Tell Me about those Pesky CLASS Variables, Part 3: Effect Coding

1

In the previous blog on CLASS variables, we developed the idea of creating design variables and examined GLM and reference coding. Another coding scheme, known as ‘Effect Coding’ or ‘Deviation from the Mean Coding’ is also commonly used. Consider our previous scenario of modeling the average amount spent on a credit card (SPEND) as a function of the variable INCOME (which has three levels: Low, Medium, and High). Here is the simple data set we’ll use:

Effect coding creates design variables by using -1s, 0s, and +1s. We replace the variable INCOME with two new design (or indicator) variables, ‘Low’ and ‘Medium’ as shown below:

data spend3;
  set spend1;
  Low=1*(income='Low')+0*(income='Medium')-1*(income='High');
  Medium=0*(income='Low')+1*(income='Medium')-1*(income='High');
run;

 

This is similar to reference coding, in that it uses only two design variables for the three-level INCOME variable. It differs in that the last level (High) is coded as -1 instead of 0. Recall that GLM coding creates three design variables and as a result “overparameterizes” the model.
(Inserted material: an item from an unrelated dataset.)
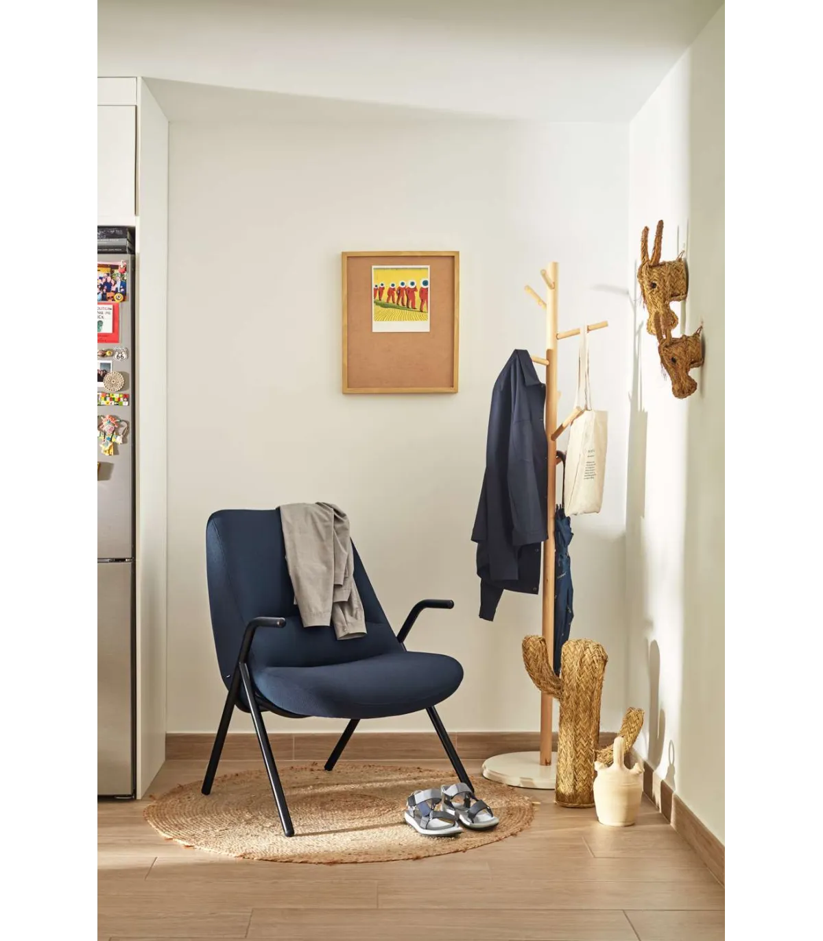 Disfruta de comodidad y estilo con la butaca Dins tapizada en azul marino · diseño moderno · perfecta para cualquier espacio.

When writing the PROC REG code for the model, use the design variables instead of the original variable INCOME; in the code below, High is the reference level because it is last on the MODEL statement:

proc reg data=spend3;
  model spend=low medium high;
run;

How do we interpret these parameters?  For effect coding, the intercept now represents the average amount spent in the population and is estimated to be 1333.3333. The parameter estimates for Low and Medium indicate how much above (for a positive parameter) or below (for a negative parameter) the SPEND amount is for observations in these categories, as compared to the average SPEND amount in the population.
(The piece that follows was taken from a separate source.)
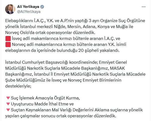 İçişleri Bakanı Ali Yerlikaya, organize suç örgütlerine yönelik Emniyet Genel Müdürlüğü koordinesinde düzenlenen operasyonu sosyal medya hesabından paylaştı. Buna göre; İsveç ve Norveç emniyet birimlerinin destekleriyle; elebaşılıklarını İ.A.Ç., Y.K. ve A.P.nin yaptığı 3 ayrı organize suç örgütüne yönelik İstanbul merkezli Niğde, Mersin, Adana, Konya ve Muğla ile Norveç Osloda ortak operasyonlar düzenlendi. İsveç adli makamlarınca kırmızı bültenle aranan İ.A.Ç. ve Norveç adli makamlarınca kırmızı bültenle aranan Y.K. isimli elebaşlarının da içerisinde bulunduğu 20 şüpheli yakalandı. 3 suç örgütüne ait 1 ton 540 kilogram uyuşturucu madde yurt dışında ortak çalışma ile ele geçirildi. MASAK raporlarına istinaden şüphelilere ait; 53 taşınmaz, 27 araç, 15 şirket ve şirket ortaklığı tespit edilerek yaklaşık 1,5 milyar TL değerindeki mal varlığına el konuldu.

The arithmetic gets a little messy due to the decimals, but for Low income, the SPEND amount is estimated to be:

1333.33333 - 758.33333 = 575

For Medium income, the estimated SPEND amount is:

1333.33333 - 8.33333 = 1325

To find the estimated SPEND amount for observations in the High category, look at the coding for the design variables for observations in that category:

Notice that for these two observations the values of the indicator variables for Low and Medium are both -1. It may not be obvious, but to find the parameter for High, we take the negative of the parameter for Low and Medium and combine them:

-1*(-758.33333) -1*(8.33333) = 766.66666

This represents the deviation from the average. So the SPEND amount for High income is:

1333.33333 + 766.66666 = 2100 (rounding off)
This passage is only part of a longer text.